Tuesday, October 5, 2010
I Love Your Memories...
The Rogue Speaks:
Many of you know that from May until August, Rod and I were in Atlanta, caring for Rod's mum. We knew that she was dying, and our goal was to make her as happy and as comfortable as we possibly could. During that time, I wrote a series of posts called "The Road Home." If you wish to read them, please go to my archives beginning on June 3, 2010, or to the blog, Flavors Me, by Jessica Lipman. Jessica began publishing my saga last month.
The last several months have been extremely stressful, and I have found it very difficult to deal with the death of a woman whom I loved with all my heart. She was the sweetest, kindest, most loving, and most beautiful woman I have ever known. I will miss her every day for as long as I live.
The last few weeks of her life, Mum was bedridden and rarely spoke. On July 10, she took her last bite of food. Her intake had been so scant that she weighed less than 100 pounds--a far cry from her ideal weight of 139! She occasionally took sips of water, but as her body began to shut down, she found it difficult to swallow, and frequently choked.
Family members took turns staying with her both during the day, and all night long. In the last couple of weeks, hospice workers would stay with us at night. They were a godsend, and very comforting to us when Mum became anxious and disoriented.
One particular night, a Thursday, Rod and I and Rod's brother and his wife were sitting together at Mum's bedside after dinner. We notice that Mum was intently staring at one corner of the bedroom. Jill went over to her and asked what she was looking at in the corner. Mum shook her head, and then tapped her forehead. She was thinking about something. Jill asked what she was thinking about, and Mum said,"Edmonton." Edmonton, her home in Alberta, Canada, where she had lived as a child, and as a young bride, and later as a mother herself.

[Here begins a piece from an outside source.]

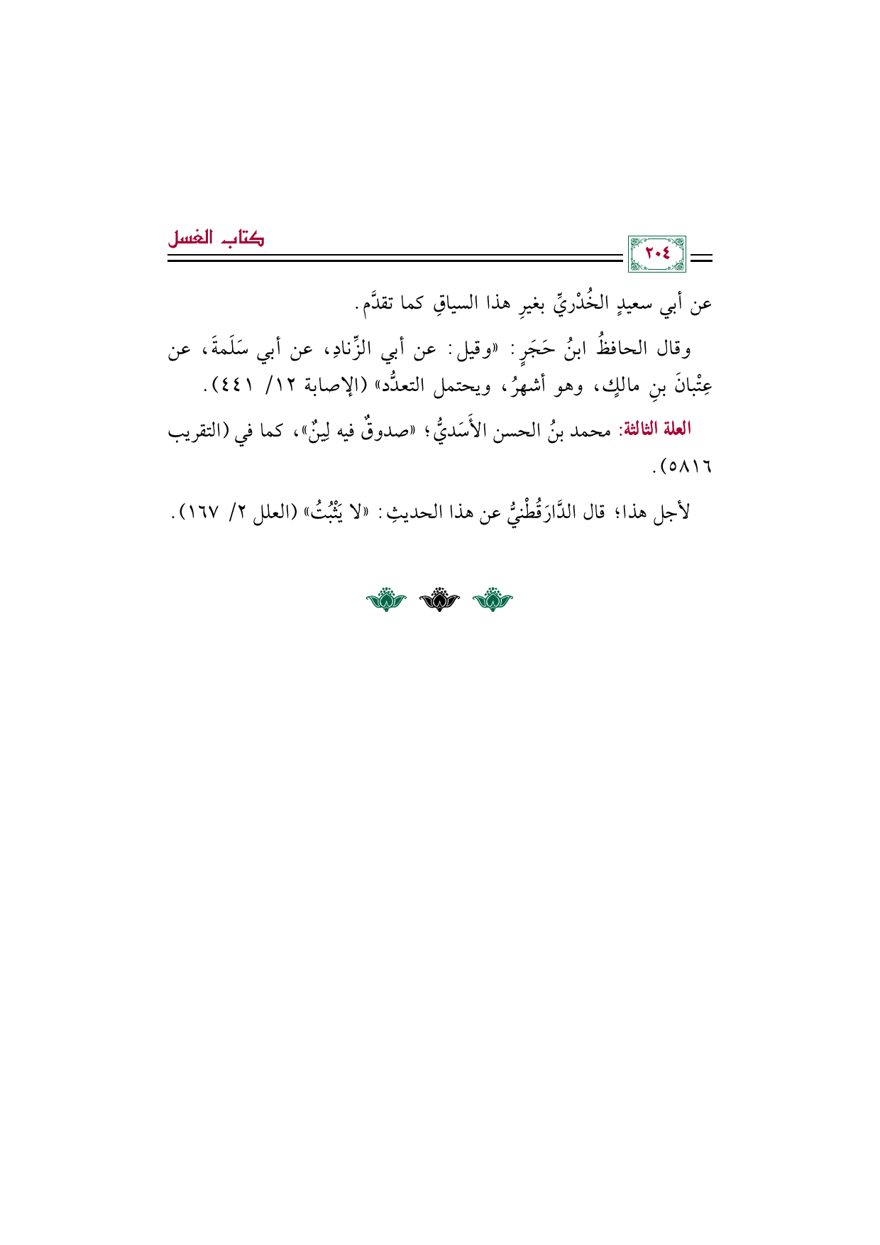 وقال الحافظُ ابنُ حَجَرٍ: "وقيل: عن أبي الزِّنادِ، عن أبي سَلَمةَ، عن عِتْبانَ بنِ مالكٍ، وهو أشهرُ، ويحتمل التعدُّد" (الإصابة ١٢/ ٤٤١).

I asked Rod to go and sit by her, and start telling her stories that he remembered about their life in Edmonton. He talked to her for almost 30 minutes, recanting stories about her father, and her mother, and her sisters, and friends that she had grown up with. Her eyes never left his face. When he was finished, she reached up and put both hands on his arm. "I love your memories," she said.
The four of us who were with her that Thursday night will never forget that scene, of her first-born, leaning over his mother's bed, reliving for her the wonderful life she had had when she was a child.
Our Mum died at 4:45 a.m., the following Sunday. She was 95 years old. We know that the angels carried her up to Heaven to be with her parents and her sisters, and that she is happy to finally be with the God to whom she had devoted her life to serve.